Spark storageLevel not taking effect

Hey folks,

Admittedly I may be a bit on the bleeding edge here, but I'm attempting to
run a Beam pipeline on Spark which is running on top of Kubernetes.
Specifically Beam 2.6.0 with Spark 2.4.0-rc2 running in client mode with a
Kubernetes (1.11) driver. It's actually pretty cool - from a Kubernetes
perspective, I start a pod which starts a ton of workers to do the parallel
stuff and then cleans up after itself.

One thing I can't seem to get working is setting the storage level for
Spark RDDs via Beam. Specifically passing --storageLevel=MEMORY_AND_DISK
seems to not work - the rdd still shows up as "Memory Deserialized 1x
Replicated" in the Spark UI. I would expect it to be something closer to
"Disk Memory Deserialized 1x Replicated." It *seems* to be serialized only
in the sense that less memory is used (I assume it gets encoded).

I even tried hardcoding storageLevel in BoundedDataset.java (based on the
line number in the DAG viz). Unfortunately it still shows up as memory-only.

Am I missing something that would let me spill data to disk?

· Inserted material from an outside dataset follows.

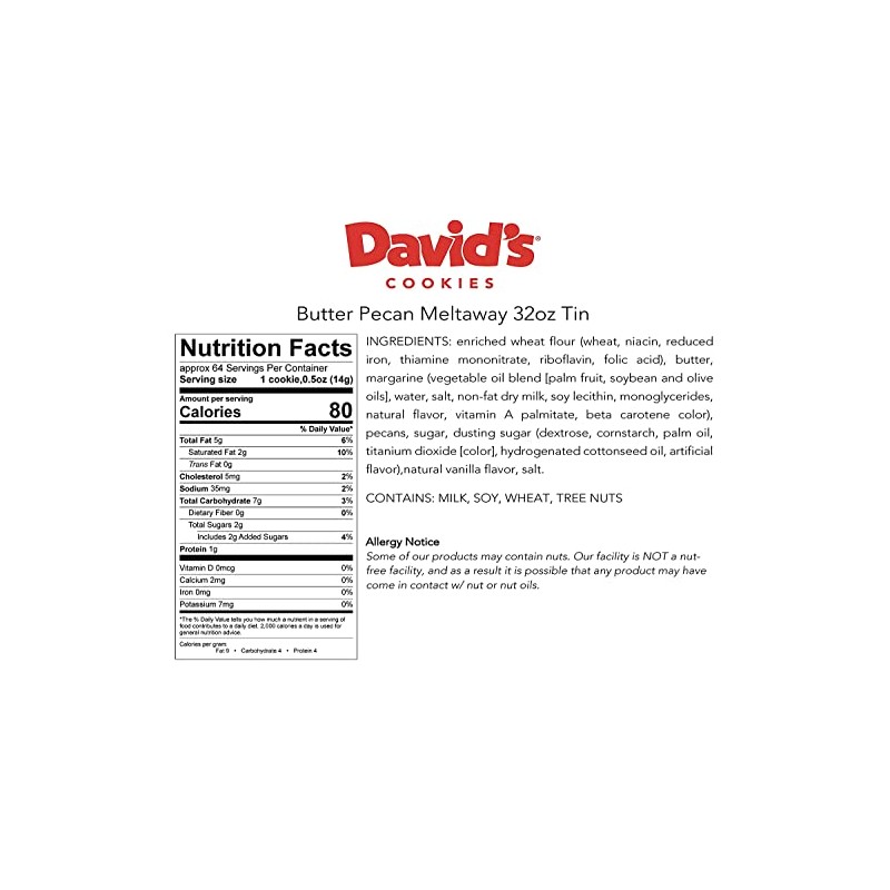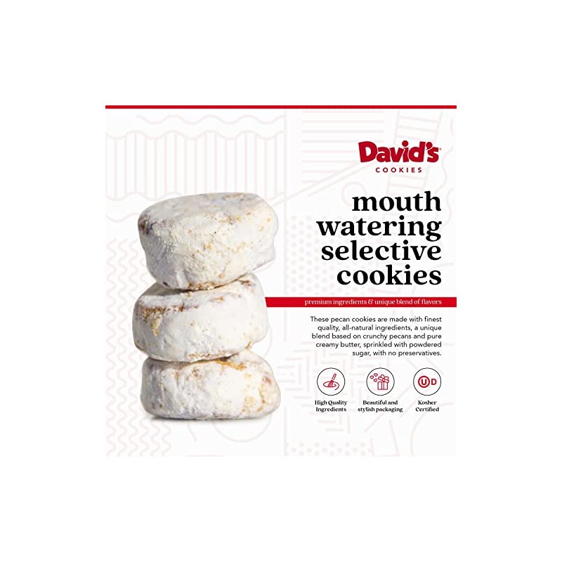 David's Cookies Gourmet Butter Pecan Meltaway with Crunchy Pecans and Powdered Sugar, All-Natural Ingredients, Kosher, Ideal Present for Special Occasions, 32 Fl Oz, Pack of 2

For reference, here's my exact command line:
/opt/spark/bin/spark-submit
--master 'k8s://https://kubernetes:443'
--deploy-mode client
--name $(MY_POD_NAME)
--conf spark.executor.instances=20
--conf spark.driver.host=$(MY_POD_IP)
--conf spark.driver.port=7077
--conf spark.kubernetes.container.image=$(MY_IMAGE)
--conf spark.kubernetes.driver.pod.name=$(MY_POD_NAME)
--conf spark.kubernetes.executor.podNamePrefix=$(MY_POD_NAME)
--conf spark.executor.memory=5500m
--conf spark.executor.memoryOverhead=1300m
--conf spark.memory.fraction=0.45
--conf spark.executor.cores=3
--conf spark.kubernetes.executor.limit.cores=3
--conf spark.default.parallelism=60
--conf spark.kubernetes.allocation.batch.size=20
--conf spark.kubernetes.driver.label.app=beam-datomic-smoketest
--conf spark.kubernetes.node.selector.node.ladderlife.com/group=etl
--conf spark.kubernetes.executor.annotation.iam.amazonaws.com/role=etl-role
--conf spark.kubernetes.executor.secrets.google-cloud=/google-cloud-secrets
--conf spark.kubernetes.executor.secretKeyRef.SENTRY_DSN=sentry-secrets:dsn
--conf spark.executorEnv.STATSD_HOST=169.254.168.253
--class ladder.my_beam_job
local:///srv/beam_job.jar
--runner=SparkRunner
--storageLevel=MEMORY_AND_DISK

Thanks,
Mike.

Ladder <http://bit.ly/1VRtWfS>. The smart, modern way to insure your life.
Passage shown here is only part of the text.